• **TASK OBJECTIVE**
Pictures are to be left out, and only the lines below starting at the one with "가족과 함께 보름달처럼 밝고 따뜻한 명절 보내시기 바랍니다." and ending at the one with "9、用擀面杖擀成厚度为3mm" are to be reproduced, each exactly, both ends included.

• **SUPPLIED RECORDS**
▼▼▼

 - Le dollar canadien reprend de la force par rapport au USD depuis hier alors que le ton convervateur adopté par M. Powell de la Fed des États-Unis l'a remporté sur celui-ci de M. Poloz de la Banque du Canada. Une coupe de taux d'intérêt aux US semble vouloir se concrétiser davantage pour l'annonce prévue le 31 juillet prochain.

▲▲▲
▼▼▼

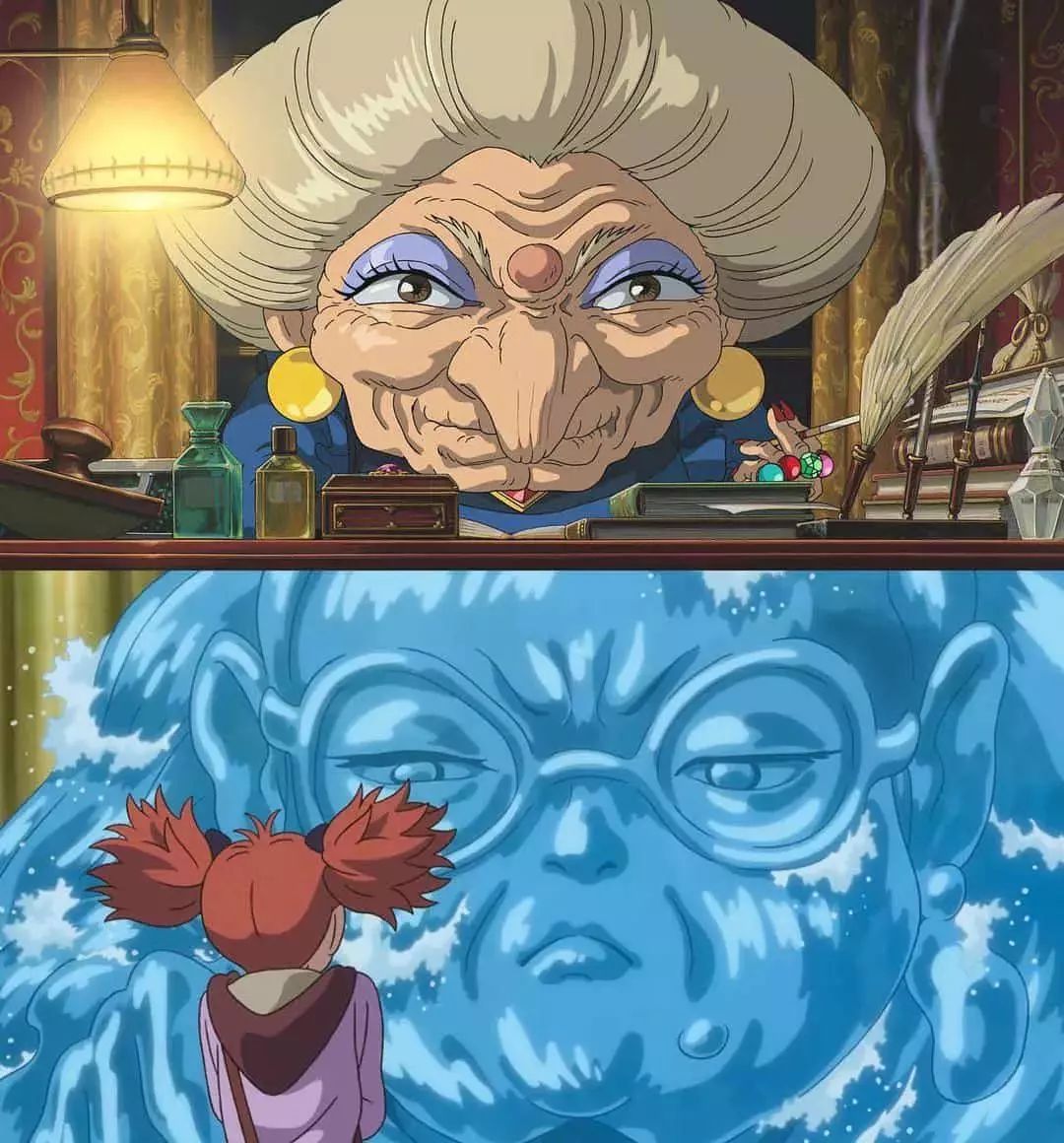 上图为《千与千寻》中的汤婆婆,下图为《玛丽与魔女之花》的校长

▲▲▲
▼▼▼

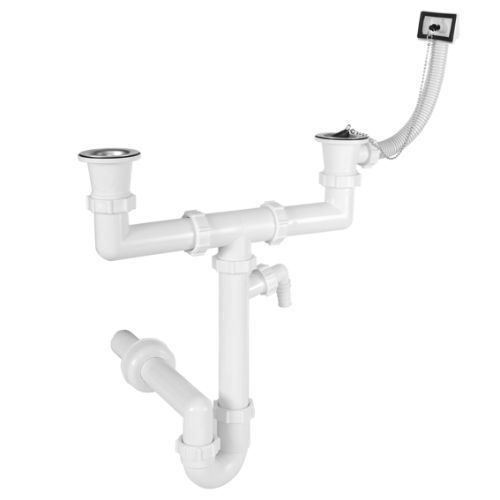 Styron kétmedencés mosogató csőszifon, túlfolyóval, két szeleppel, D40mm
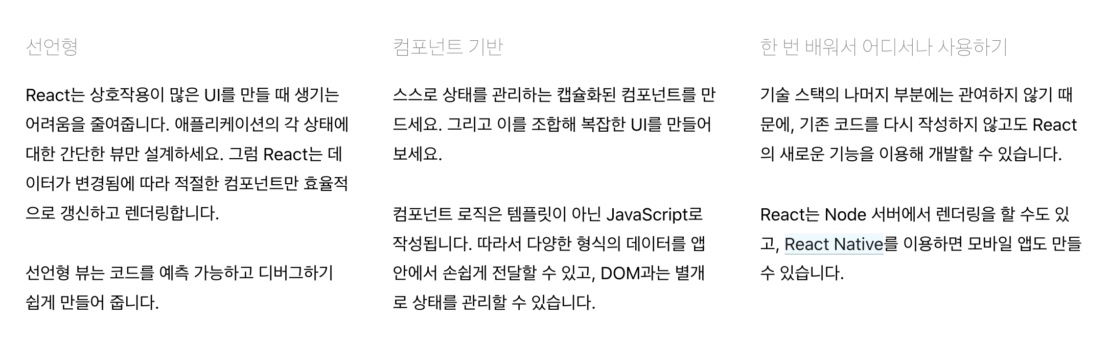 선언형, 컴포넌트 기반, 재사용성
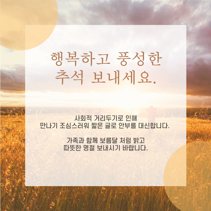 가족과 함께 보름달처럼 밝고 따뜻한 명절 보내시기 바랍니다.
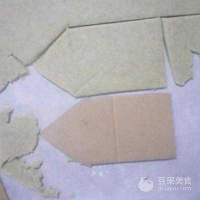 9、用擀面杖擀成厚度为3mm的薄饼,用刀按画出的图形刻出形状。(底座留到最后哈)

▲▲▲

• **ANSWER**
 가족과 함께 보름달처럼 밝고 따뜻한 명절 보내시기 바랍니다.
 9、用擀面杖擀成厚度为3mm的薄饼,用刀按画出的图形刻出形状。(底座留到最后哈)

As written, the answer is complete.